ブレーキは、ペダルが殆どストロークしない上に軽い踏力ですぐ効くようになっているので、なかなか慣れずに困った。おまけに10km/h以下で走行中にもアイドリングストップしてエンジンブレーキが消えるので、余計に停止直前のコントロールが難しくなっている。ブレーキは慣れの問題だが、これが嫌な人もいるだろう。MTでクラッチを切って停止することを考えれば同じか。

シートは硬いが、調整範囲の広いステアリングと相まってドライビングポジションが取りやすく、これでこそドライブのための車だと思った。

内装は、総額300万円近い車とは思えないほどに安っぽい。安っぽいというより、そもそも安いのかもしれない。インパネのデザインが子供っぽいのは遊び心として受け入れられるが、シフト周りやドア周りがフィット並みに安っぽいのはとても残念。グレーのファブリックが用いられたシートやドアパネルは完全に汚れていて、かなり見栄えが悪い。触れたくないくらいに汚い。

メーターはデザインは凄く格好良いのだが、左右のエネルギー関係の表示は情報が多い訳でもないのに見やすくはない。タコメーターが中央にあると気分は盛り上がる。

リアウインドウが上下に分割されているのは良いが、分割されている部分がちょうど後続車を隠すようになっており、安全性に問題がある。ここは最後まで気になってしまったが、特別な車なので割り切れるとも言える。

最後に、CR-Zの中でも最も気になっていたリアシートに座ってみた。私の身長は162cmで、結果としては頭がリアガラスに押し付けられることになり、横に傾けないと背筋を伸ばせなかった。本当に緊急用のシートというのは初めてである。

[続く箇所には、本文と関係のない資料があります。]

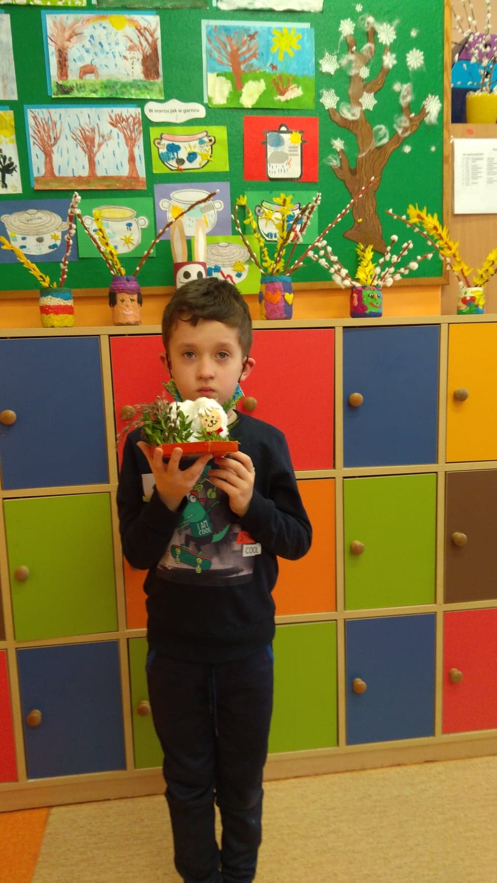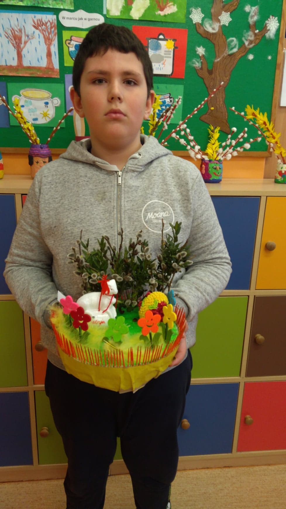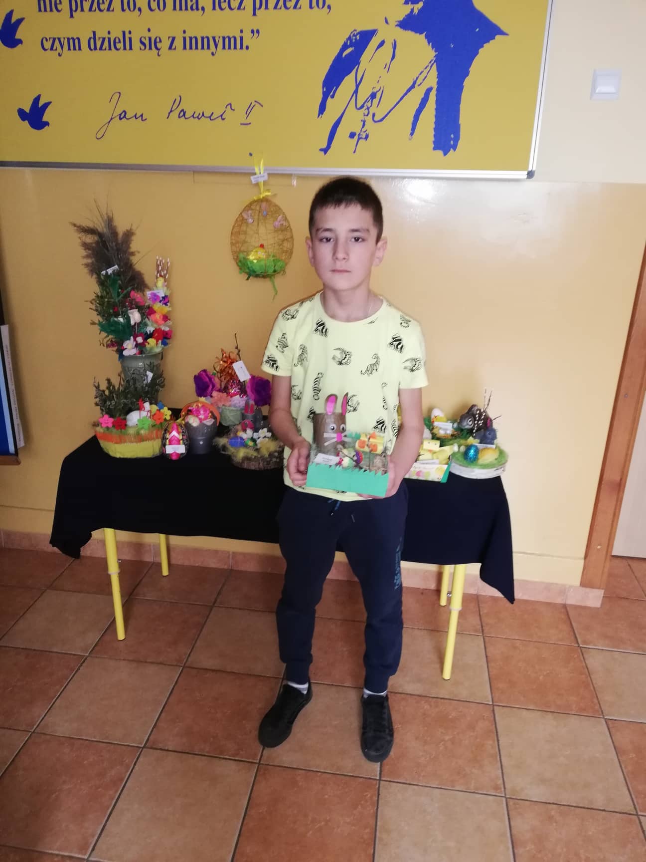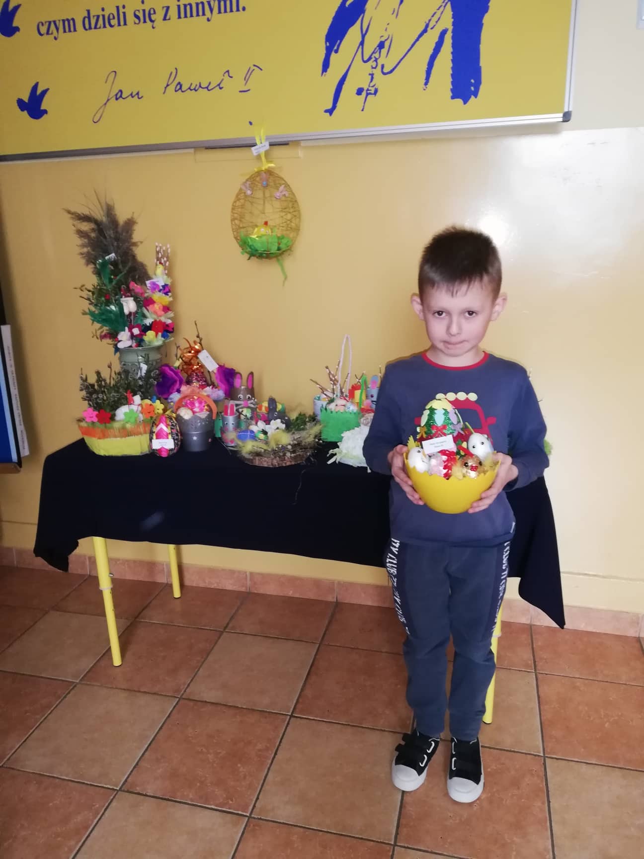 Przed świętami uczniowie naszej szkoły przygotowali prace na szkolny konkurs plastyczny "Ozdoby wielkanocnego stołu." Celem konkursu było kultywowanie tradycji oraz pogłębienie wiedzy na temat symboliki Świąt Wielkanocnych. Prace były bardzo ciekawe i pomysłowe, prezentowały różne techniki plastyczne. Palmy, pisanki, baranki, zajączki i koszyczki wielkanocne w okresie przedświątecznym ozdobiły szkolny korytarz, a wiosenne odcienie zieleni i żółci przykuwały wzrok. Wszystkie dzieci po powrocie do szkoły otrzymają pamiątkowe dyplomy. Uczestnikom konkursu gratulujemy zdolności plastycznych.

2時間のドライブで、結局のところ走りにはあまり好印象を持てなかった。全てにおいて中途半端であり、何を求めても満足できる点がなかった。車としてはよくできているのだが、このボディデザインや名前から期待される水準を何もクリアしていないように思える。だから人気が出なかったのではないだろうか。

私はホンダ=タイプRではなく、ガチガチのスポーツカーは好きではないので、こういうパワーを求めないのんびりしたスポーツカーでじっくりとドライブを楽しめたら良いなと思ってCR-Zに乗ってみたが、そんな目線で見てもこの車は中途半端だ。その点で、何よりも気に入らないのが内装の安っぽさであった。

何もかも中途半端だとしても、依然としてCR-Zを欲しいなと思わせてくれるのは、この何にも似ていないダイナミックなボディデザインが、登場から年月を経た今でも古さを感じさせない格好良さを放っているからだろう。かつてのCR-Xを現代的に解釈したスタイルは、ホンダの中で1位をあげたいくらいに、本当に格好良い。自宅に帰ってきて、パソコンで赤いCR-Zの写真を見ているだけでも溜め息が出そうだ。こんなに格好良い車が自分の生活の中にあったら、どんなに楽しい人生になるだろうか。それだけに、デザイン以外が全て中途半端なことがどうしても残念でならない。

努力次第では「名車」になり得たCR-Zを販売不振で終わらせてしまうホンダは、大いに反省してほしいと切に願っている。あまりにももったいない!